◆ About this task: I'd like an exact copy of only the lines from the start of the listing below through the line that holds "Los organizadores del". Please keep the pictures out.

◆ Provided data:

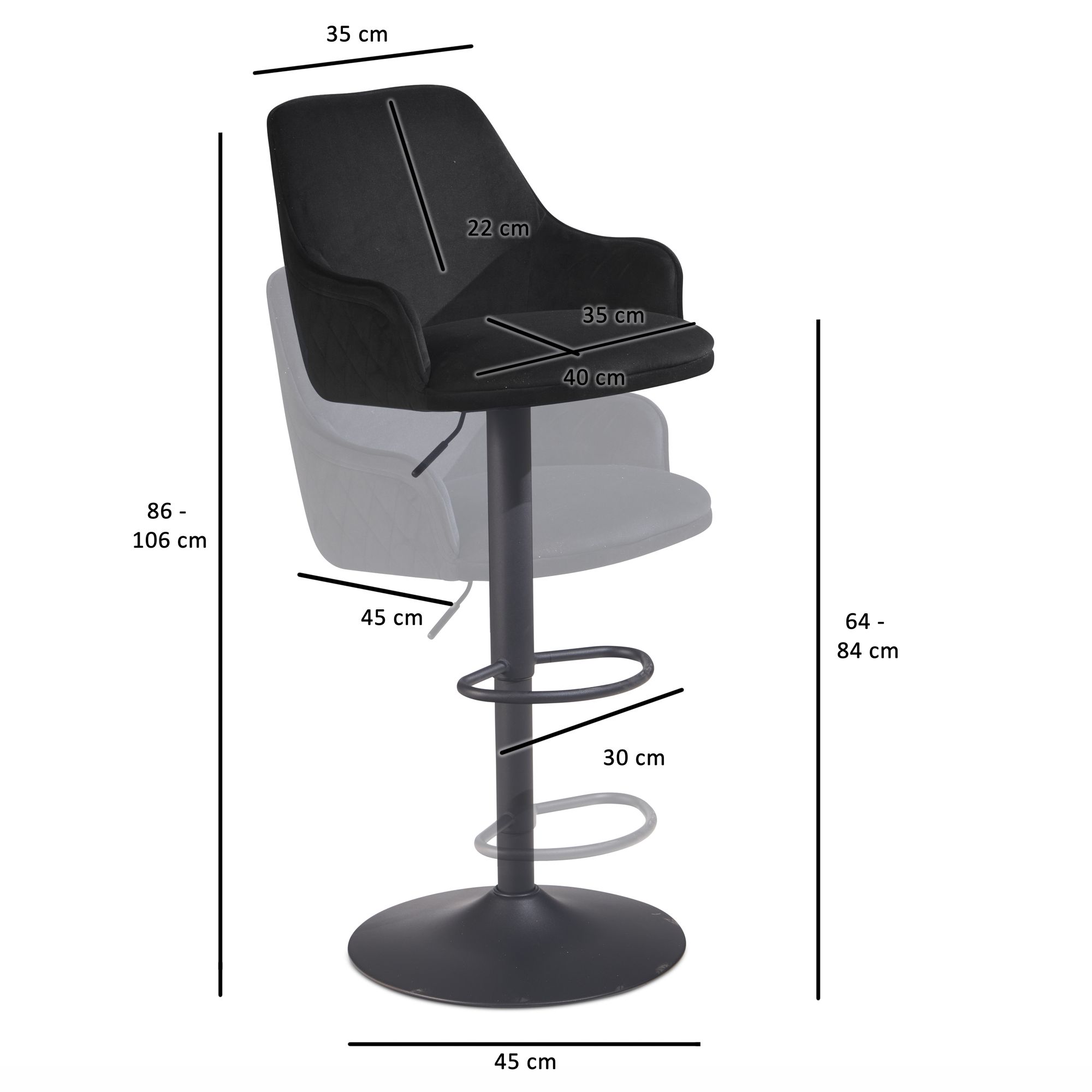 Informacje dot. produktu "Czarny aksamitny stołek barowy | Metalowa podstawa trąbkowa | Regulowana wysokość 86-106 cm"
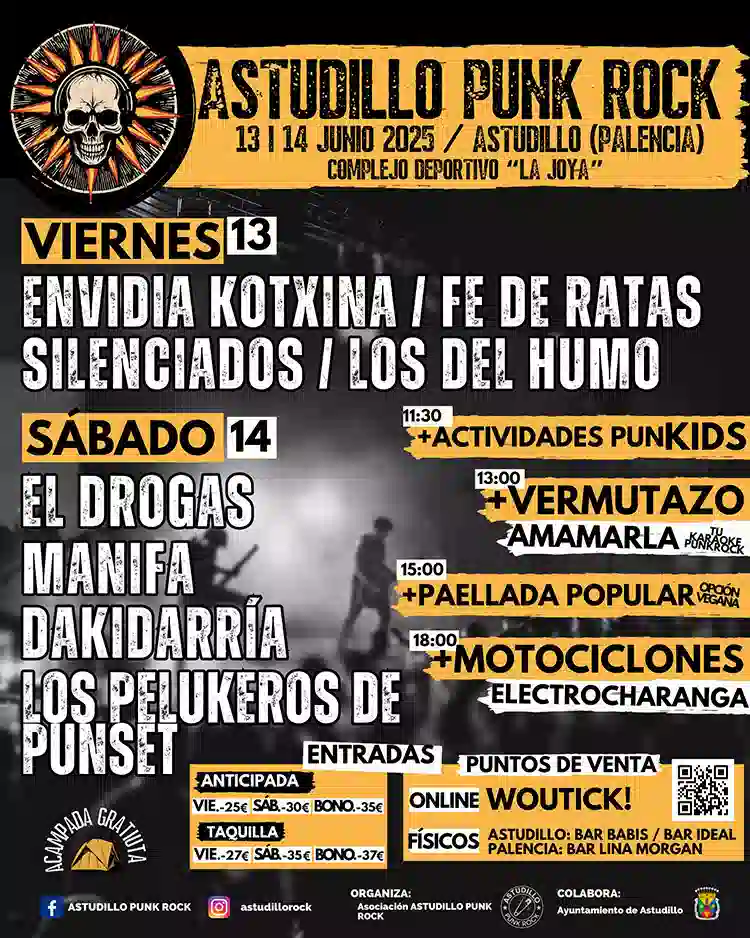 Los organizadores del Astudillo Punk Rock han presentado el cartel de la próxima edición del festival, que tendrá lugar los días 13 y 14 de junio de 2025 en Astudillo (Palencia), quedando de la siguiente manera.
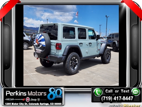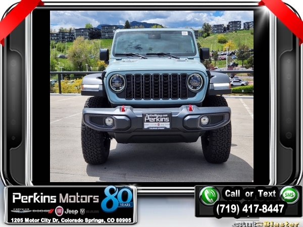 Factory MSRP: $66,730 $6,542 off MSRP! Earl Clearcoat 2024 Jeep Wrangler Rubicon 4WD 8-Speed Automatic 3.6L V6 24V VVT<br><br>Check us out at www.perkinsmotors.com to see our specials! Since opening our doors in 1944, we’ve been proud to serve Colorado Springs, CO, and the surrounding areas of Pueblo, Castle Rock and Denver, CO. Throughout this time of being family owned for 80 years, we’ve maintained a firm commitment to our customers: to offer a wide selection of New Chrysler, Dodge, Fiat, Jeep, and Ram vehicles and quality pre-owned vehicles, and provide a quick, no-hassle car-buying process that ensures everyone drives off the lot satisfied with their purchase.<br><br>Convenience Group (Remote Start System), Quick Order Package 24R Rubicon, 12.3 Touchscreen Display, 4-Wheel Disc Brakes, 4.10 Rear Axle Ratio, 8 Speakers, 97 MPH Vehicle Max Speed Calibration, ABS brakes, Air Conditioning, Alloy wheels, AM/FM radio: SiriusXM, Apple CarPlay, Apple CarPlay/Android Auto, Automatic temperature control, Aux Battery, Brake assist, Cloth Low-Back Bucket Seats, Compass, Connectivity - US/Canada, Cruise Control, Delay-off headlights, Disassociated Touchscreen Display, Driver door bin, Driver vanity mirror, Dual front impact airbags, Dual front side impact airbags, Electronic Stability Control, Front anti-roll bar, Front Bucket Seats, Front Center Armrest w/Storage, Front dual zone A/C, Front fog lights, Front License Plate Bracket, Front reading lights, Fully automatic headlights, Google Android Auto, Heated door mirrors, Illuminated entry, Integrated Center Stack Radio, Integrated roll-over protection, Integrated Voice Command w/Bluetooth, Jeep Trail Rated Kit, Low tire pressure warning, MOPAR All-Weather Floor Mats, Non-Lock Fuel Cap w/o Discriminator, Occupant sensing airbag, Outside temperature display, Overhead airbag, Panic alarm, ParkView Rear Back-Up Camera, Passenger door bin, Passenger vanity mirror, Performance Suspension, Power door mirrors, Power steering, Power Top Quarter Window Storage Bag, Power windows, Radio data system, Radio: Uconnect 5 w/12.3 Display, Rear anti-roll bar, Rear reading lights, Rear Window Defroster, Rear Window Wiper/Washer, Remote keyless entry, Security system, Sky 1-Touch Power Top, Split folding rear seat, Steering wheel mounted audio controls, Stop-Start Dual Battery System, Tachometer, Telescoping steering wheel, Tilt steering wheel, Traction control, Trip computer, Variably intermittent wipers, Voltmeter, Wheels: 17 x 7.5 Machined w/Black Pockets, and Wheels: 17 x 7.5 Machined/Painted Black. Sale price includes all manufacture's incentives and dealer discounts. Sale price not available on lease or compatible with special APR. $2000 - 2024 CJR Bonus Cash 24CRA. Exp. 06/03/2024
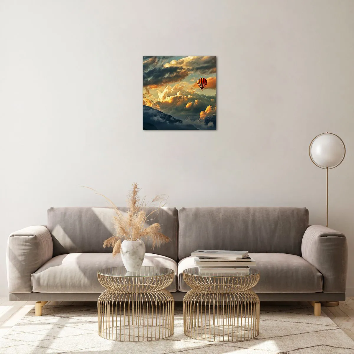 • Abstractie, ballonvlucht, bergen, Anders, Landschappen, Natuur, Voor op kantoor, voor de studeerkamer, voor de eetkamer, voor de hal, voor de woonkamer, voor de slaapkamer, Bruin, blauw, oranje, Plein

◆ Result of this exercise:
 Informacje dot. produktu "Czarny aksamitny stołek barowy | Metalowa podstawa trąbkowa | Regulowana wysokość 86-106 cm"
 Los organizadores del Astudillo Punk Rock han presentado el cartel de la próxima edición del festival, que tendrá lugar los días 13 y 14 de junio de 2025 en Astudillo (Palencia), quedando de la siguiente manera.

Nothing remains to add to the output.